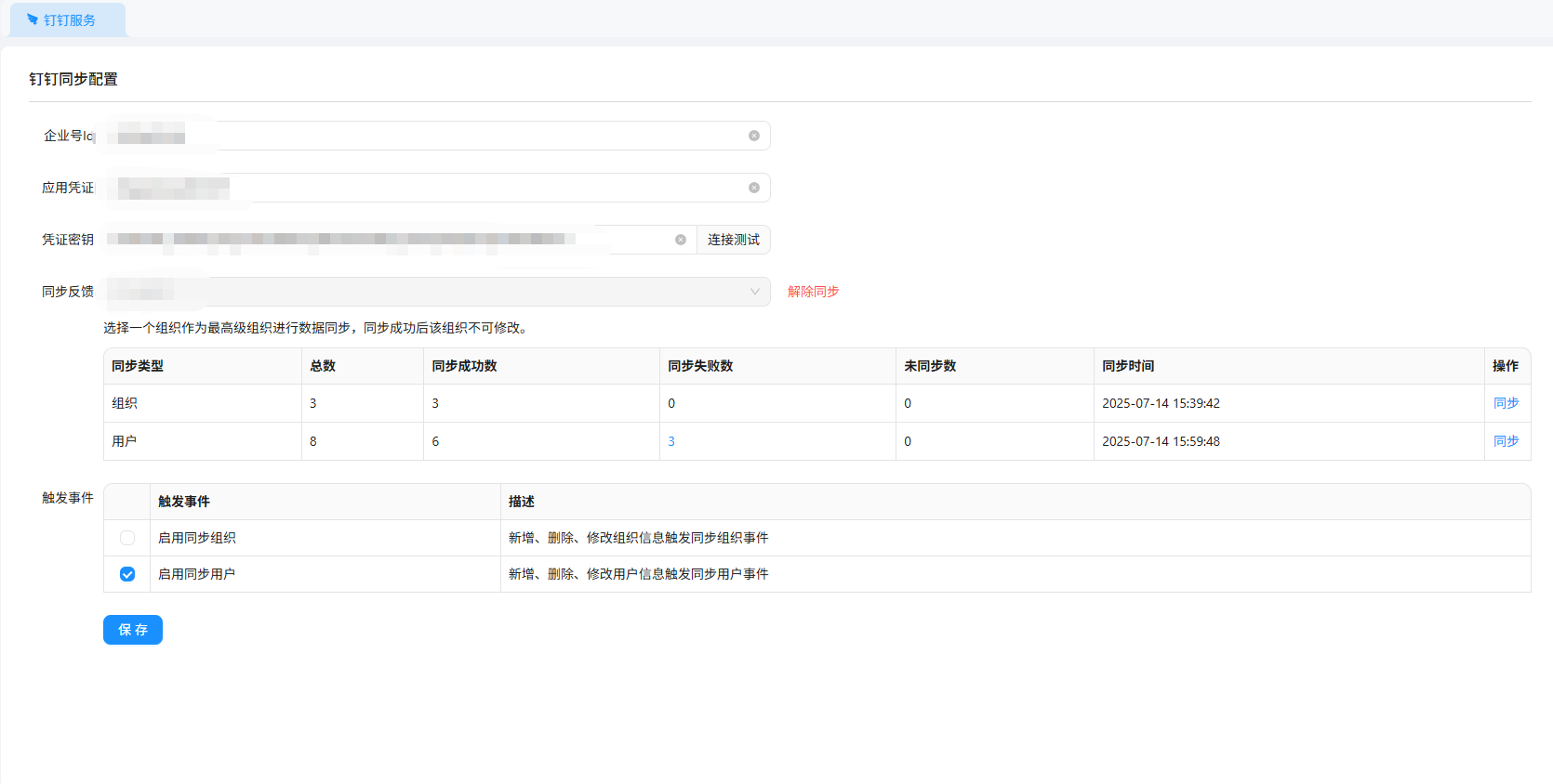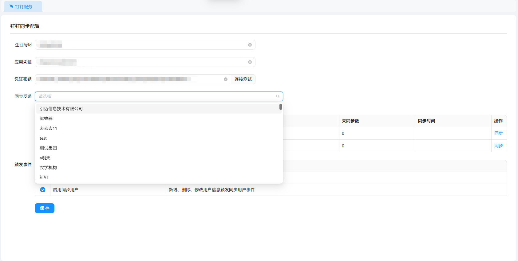 在同步设置支持选择第三方类型(企业微信、阿里钉钉)。设置页面配置触发事件和同步反馈等相关信息。
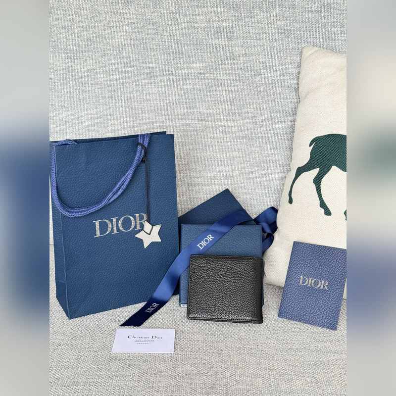 Snap closure coin compartment with gussetMetallic brass Dior logo on the frontEmbossed Dior logo on the insideDust bag included
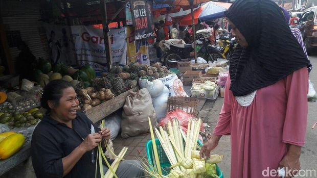 Termasuk pedagang yang menjual ketupat Lebaran. Berdasarkan hasil pantauan detikFinance di Pasar Jembatan Merah, Menteng Pulo, Tebet, Jakarta Selatan, sejumlah pedagang yang berada di pinggiran pasar terlihat menjual bahan baku membuat ketupat ini. Mereka berjualan di tepi jalan dekat pasar.
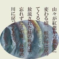 | 数年掛けて遡上した限定鮭のスモーク1本物です。(トバとも呼ばれている。)新潟県能生川に稚魚放流し、数年掛けて遡上戻りを環境と共に守る漁業活動と地元水産高校の生徒さんたちの加工技術が一体となって出来上がった逸品です。 絶品ですが、遡上数量が限られたいた逸品です。地元では美味し幻の絶品がようやく遡上確保できて、全国お届け出来るようになりました。しかし、まだ売れ切れ”ごめん”の限定は続きます。通常のトバと違い、まるごと1匹サイズをスモークで肉厚の脂の乗りの美味しさは、お酒の共にはたまらない珍味です。 お酒の飲みすぎに御注意して味わいください。 |
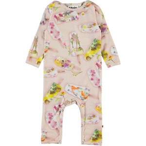 Fiona ist ein Baby-Overall in Rosa mit Druck von Eis. Molo hat selbst diese schönen Blumen zu Eis gefrohren, die zu disem Druck auf dem Anzug wurden. Druckknöpfe am Hals und zwischen den Beinen machen das an- und ausziehen einfach. Ecocert Greenlife, certifikationsnr. 197496.
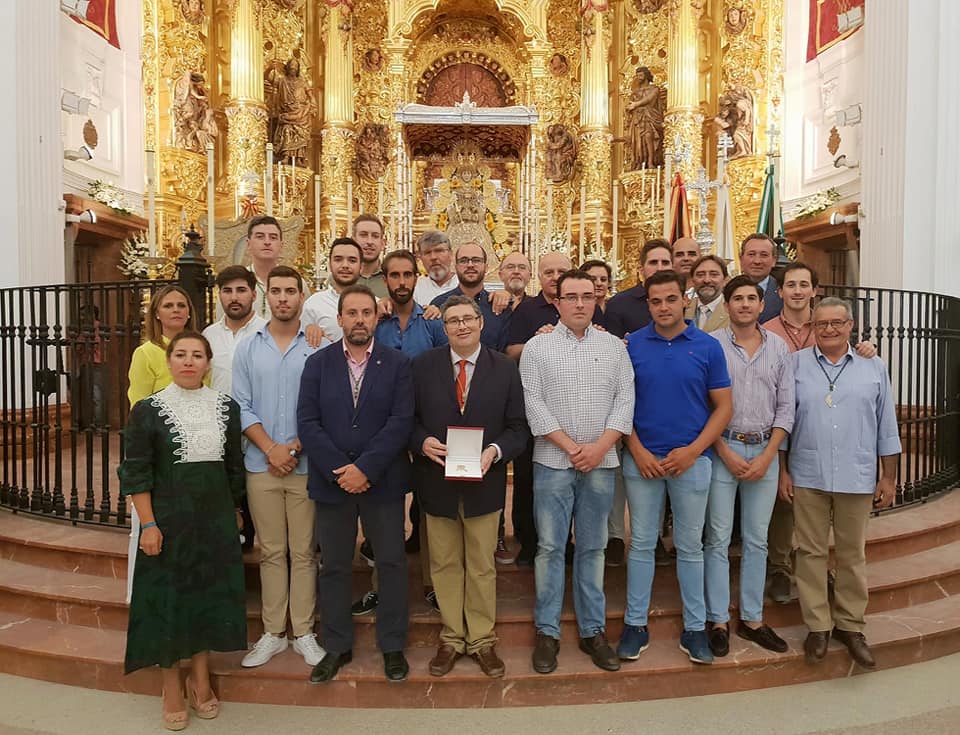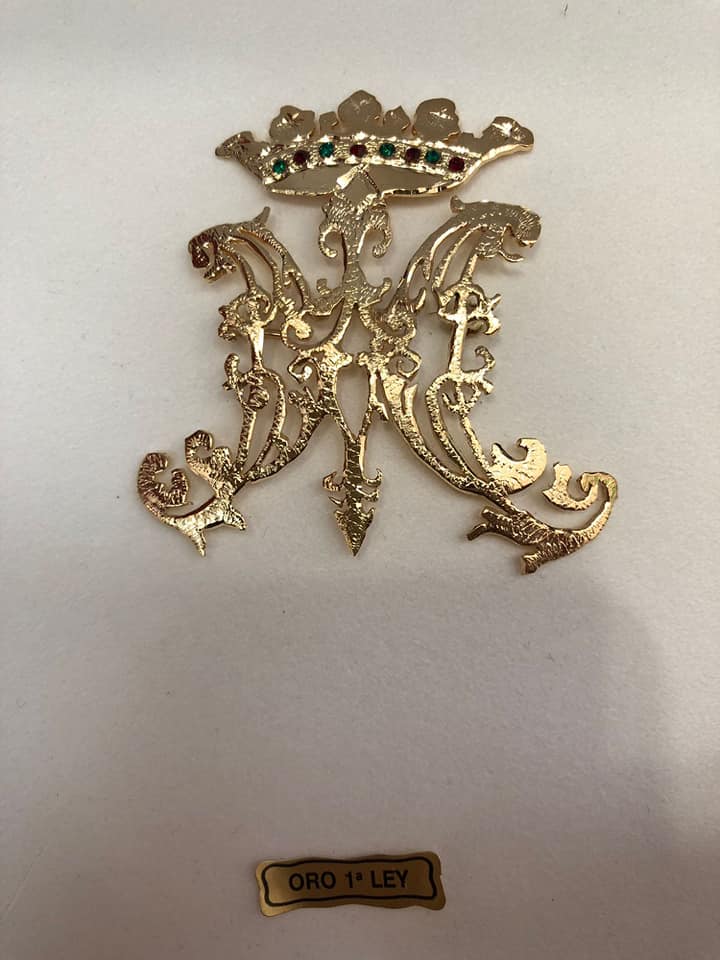 Anoche, después del triduo, un grupo de 12 jóvenes almonteños, hermanos de la Hermandad, hicieron entrega de un broche de oro e incrustación de piedras rojas y verdes, para la Virgen, con la forma del anagrama de María, rematado con la corona real, basado en el anagrama mariano que luce el simpecado de nuestra Hermandad en la parte trasera.
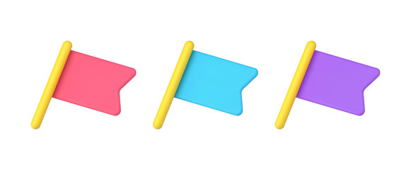 Collection red, blue and purple flag pushpin for location fixing 3d isometric vector illustration
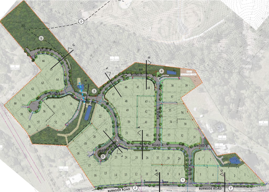 The proposed subdivision would be delivered across two stages: the first would include external works on Burnside Road and create 34 residential lots, while the second stage would add the remaining 32 lots.
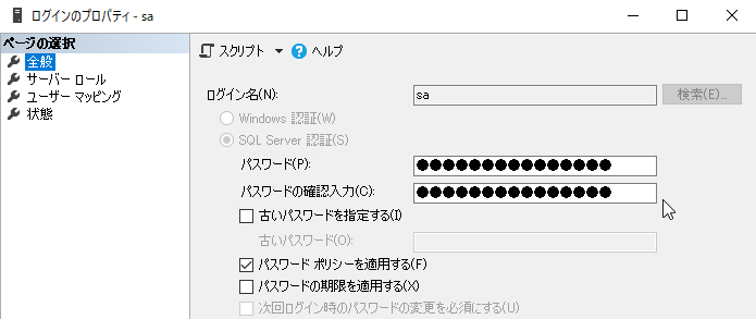 SQL Server Management Studio を開き、「オブジェクト エクスプローラー」から「サーバー」「セキュリティ」「ログイン」を展開し、「sa」を右クリックして「プロパティ」を選択します。
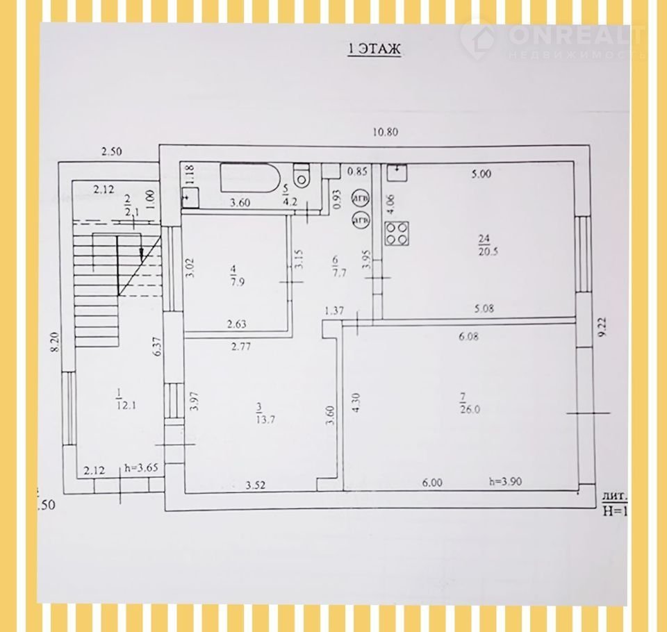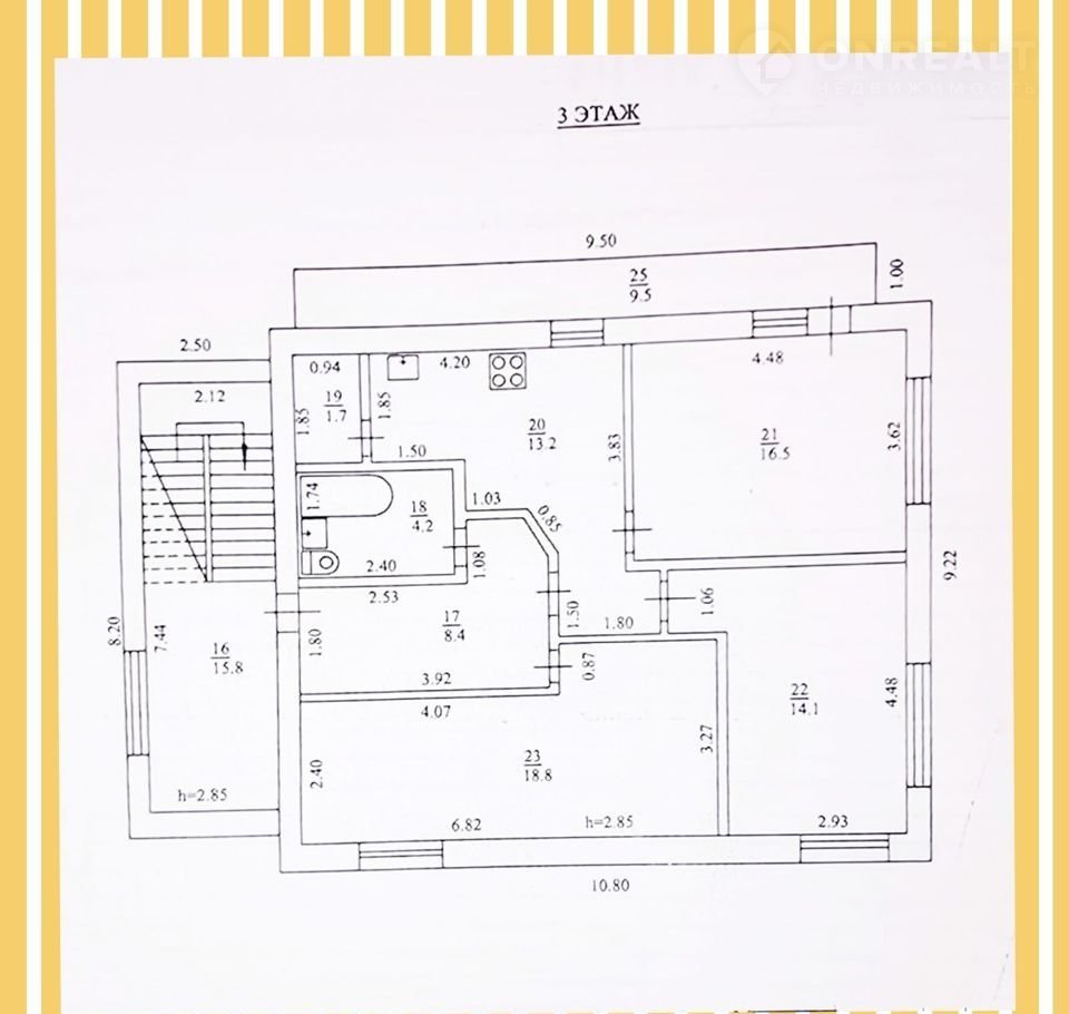 3 этаж: кухня, 3 комнаты, с/узел, прихожая;

▶ **Work task**
What's needed is a word-for-word retyping of the listing, minus its pictures.

▶ **Final answer**
 在同步设置支持选择第三方类型(企业微信、阿里钉钉)。设置页面配置触发事件和同步反馈等相关信息。
 Snap closure coin compartment with gussetMetallic brass Dior logo on the frontEmbossed Dior logo on the insideDust bag included
 Termasuk pedagang yang menjual ketupat Lebaran. Berdasarkan hasil pantauan detikFinance di Pasar Jembatan Merah, Menteng Pulo, Tebet, Jakarta Selatan, sejumlah pedagang yang berada di pinggiran pasar terlihat menjual bahan baku membuat ketupat ini. Mereka berjualan di tepi jalan dekat pasar.
 | 数年掛けて遡上した限定鮭のスモーク1本物です。(トバとも呼ばれている。)新潟県能生川に稚魚放流し、数年掛けて遡上戻りを環境と共に守る漁業活動と地元水産高校の生徒さんたちの加工技術が一体となって出来上がった逸品です。 絶品ですが、遡上数量が限られたいた逸品です。地元では美味し幻の絶品がようやく遡上確保できて、全国お届け出来るようになりました。しかし、まだ売れ切れ”ごめん”の限定は続きます。通常のトバと違い、まるごと1匹サイズをスモークで肉厚の脂の乗りの美味しさは、お酒の共にはたまらない珍味です。 お酒の飲みすぎに御注意して味わいください。 |
 Fiona ist ein Baby-Overall in Rosa mit Druck von Eis. Molo hat selbst diese schönen Blumen zu Eis gefrohren, die zu disem Druck auf dem Anzug wurden. Druckknöpfe am Hals und zwischen den Beinen machen das an- und ausziehen einfach. Ecocert Greenlife, certifikationsnr. 197496.
 Anoche, después del triduo, un grupo de 12 jóvenes almonteños, hermanos de la Hermandad, hicieron entrega de un broche de oro e incrustación de piedras rojas y verdes, para la Virgen, con la forma del anagrama de María, rematado con la corona real, basado en el anagrama mariano que luce el simpecado de nuestra Hermandad en la parte trasera.
 Collection red, blue and purple flag pushpin for location fixing 3d isometric vector illustration
 The proposed subdivision would be delivered across two stages: the first would include external works on Burnside Road and create 34 residential lots, while the second stage would add the remaining 32 lots.
 SQL Server Management Studio を開き、「オブジェクト エクスプローラー」から「サーバー」「セキュリティ」「ログイン」を展開し、「sa」を右クリックして「プロパティ」を選択します。
 3 этаж: кухня, 3 комнаты, с/узел, прихожая;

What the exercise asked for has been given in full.